Only the words of the entries are wanted, repeated exactly and without images.

----------------------------------------

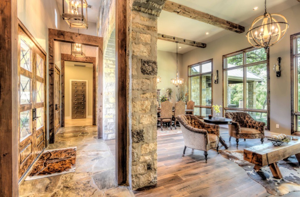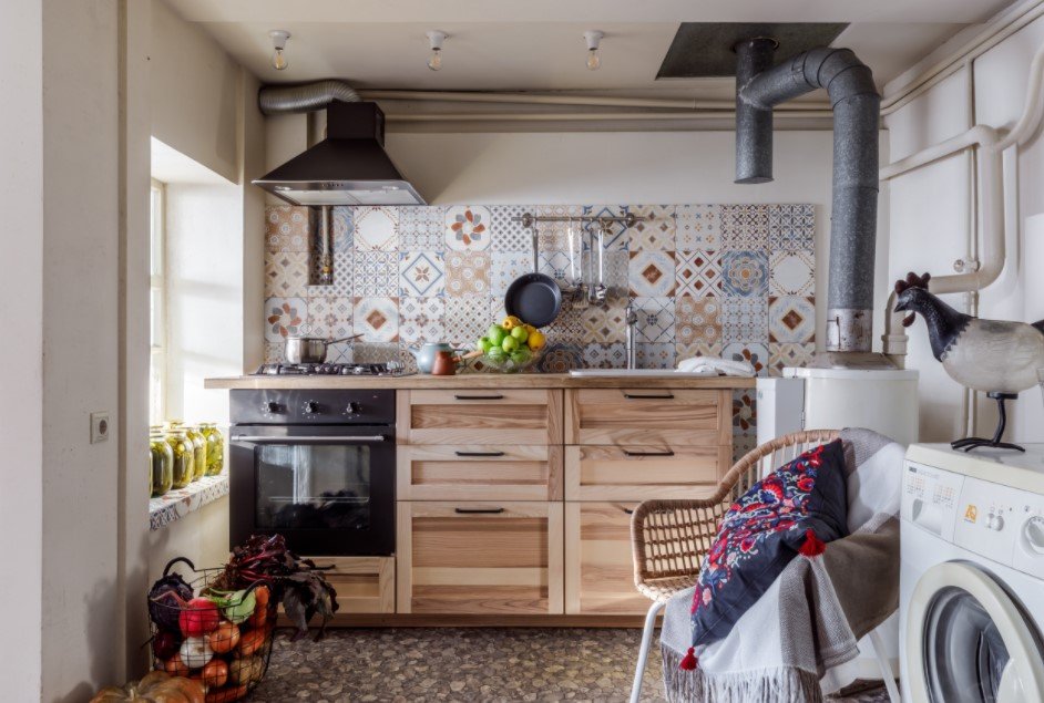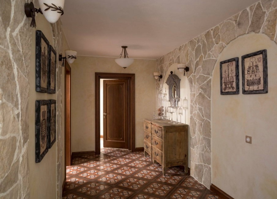 Другой вариант керамической отделки идентичная имитация настоящего кирпича или дикого камня. Интерьер будет выглядеть оригинально и лаконично.
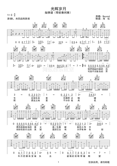 光辉岁月吉他谱_beyond_c调弹唱六线谱_生产队上传
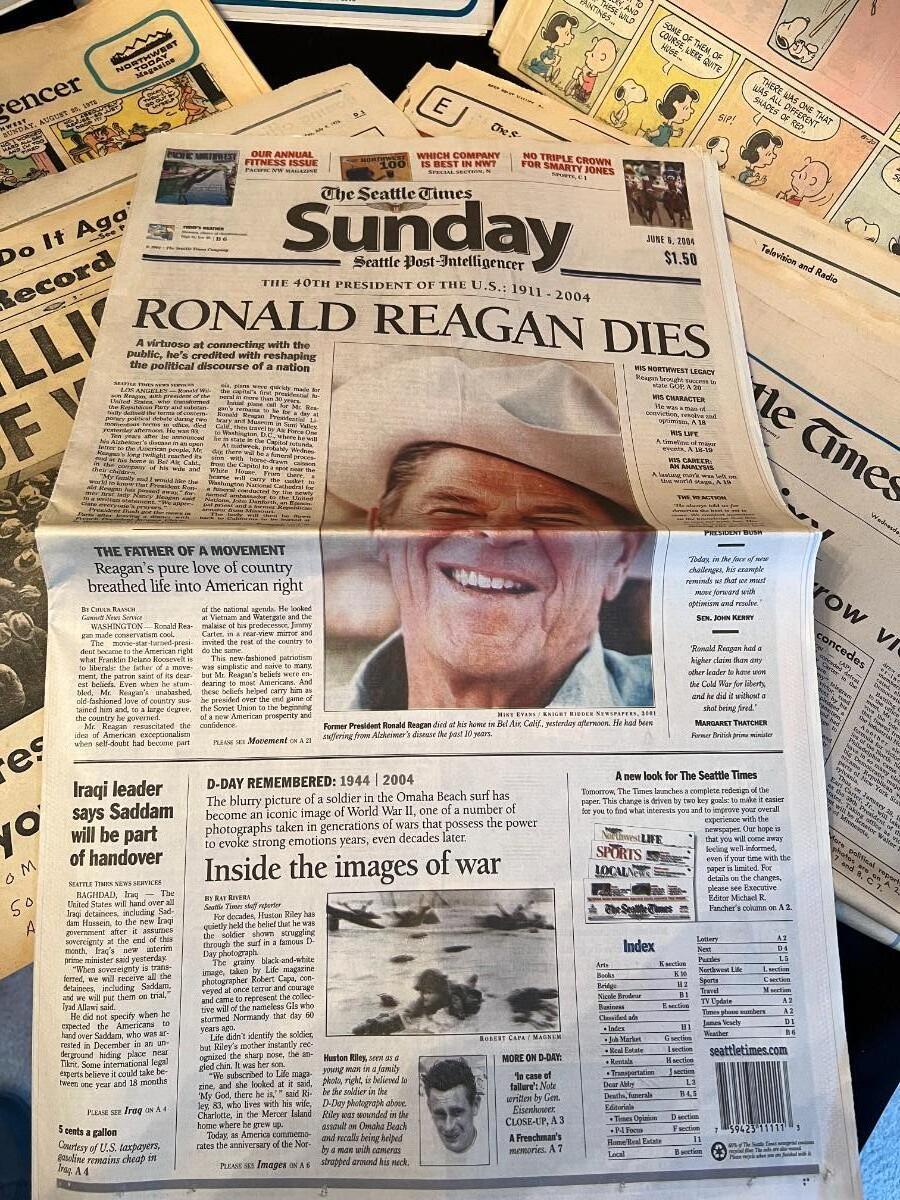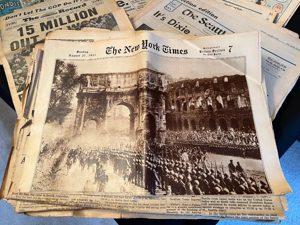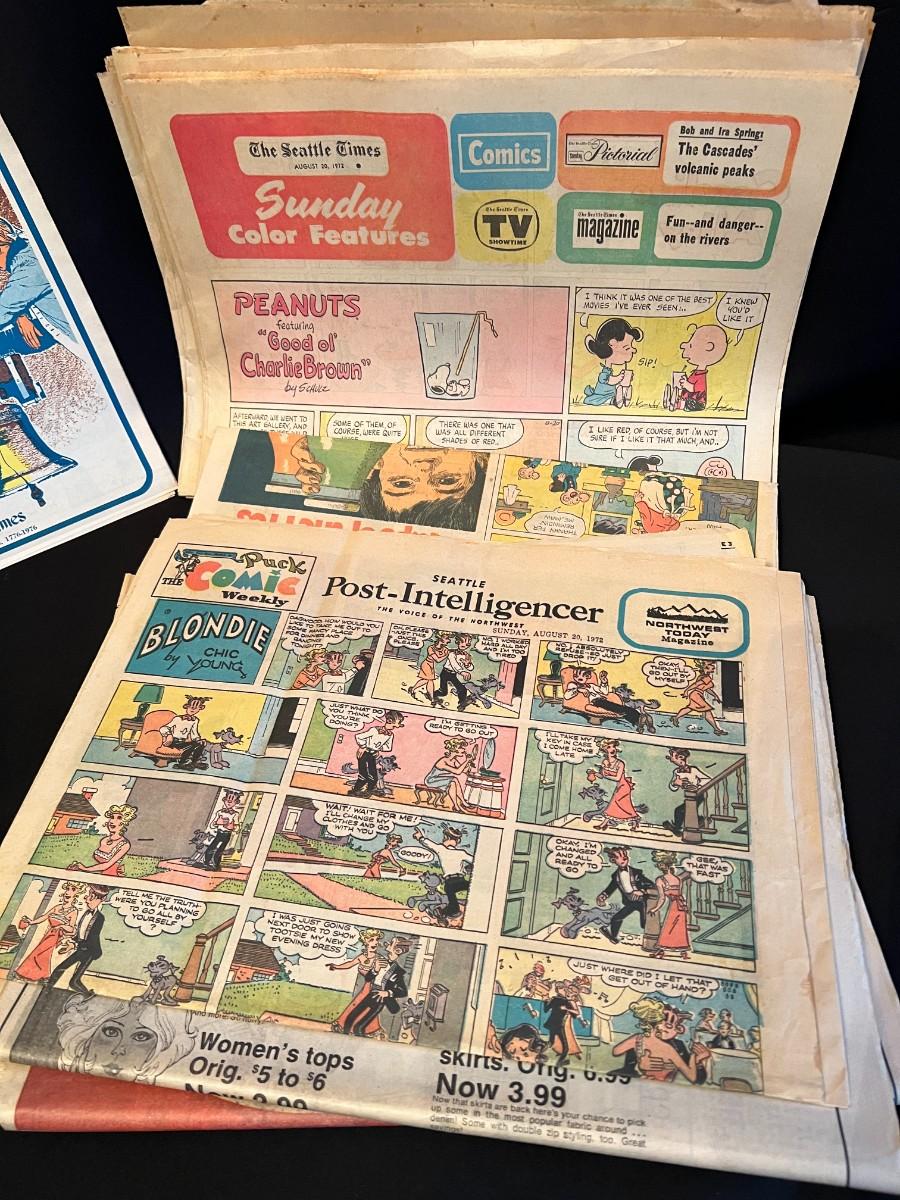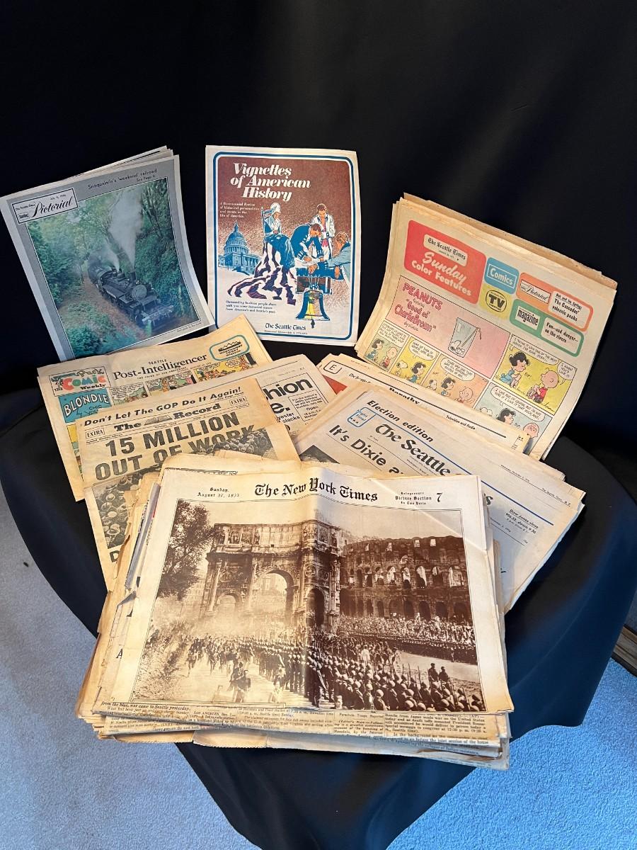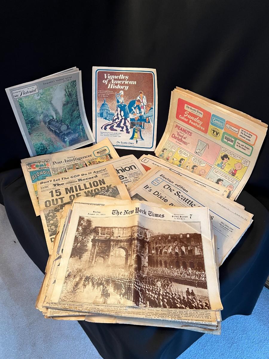 Fantastic large lot of vintage and antique newspapers and comics from various era. Lot includes The New York Times and Seattle Times, and covers the World War, depression, and more! Conditions are as shown.
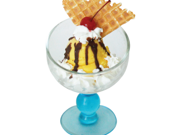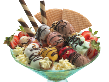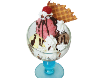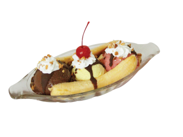 Chocolate, Vanilla and Strawberry gelato served with whipped cream, bananas, chocolate sauce, chopped nuts and a cherry on top!
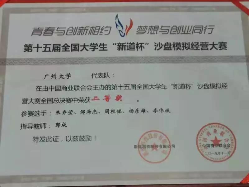 在第十五届全国大学生“新道杯”沙盘模拟经营大赛全国总决赛中,我们斩获佳绩,取得全国总决赛二等奖的荣誉。
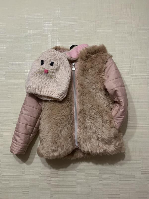 Дуже мила куртка з вушками і хвостиком 3-4 роки в чудовому стані. Довжина 42 ширина 33 рукав 37,5. Шапка на 4-8,трішки маломірить. Ширина 19 висота 21 90 грн

----------------------------------------

YOUR SOLUTION:
 Другой вариант керамической отделки идентичная имитация настоящего кирпича или дикого камня. Интерьер будет выглядеть оригинально и лаконично.
 光辉岁月吉他谱_beyond_c调弹唱六线谱_生产队上传
 Fantastic large lot of vintage and antique newspapers and comics from various era. Lot includes The New York Times and Seattle Times, and covers the World War, depression, and more! Conditions are as shown.
 Chocolate, Vanilla and Strawberry gelato served with whipped cream, bananas, chocolate sauce, chopped nuts and a cherry on top!
 在第十五届全国大学生“新道杯”沙盘模拟经营大赛全国总决赛中,我们斩获佳绩,取得全国总决赛二等奖的荣誉。
 Дуже мила куртка з вушками і хвостиком 3-4 роки в чудовому стані. Довжина 42 ширина 33 рукав 37,5. Шапка на 4-8,трішки маломірить. Ширина 19 висота 21 90 грн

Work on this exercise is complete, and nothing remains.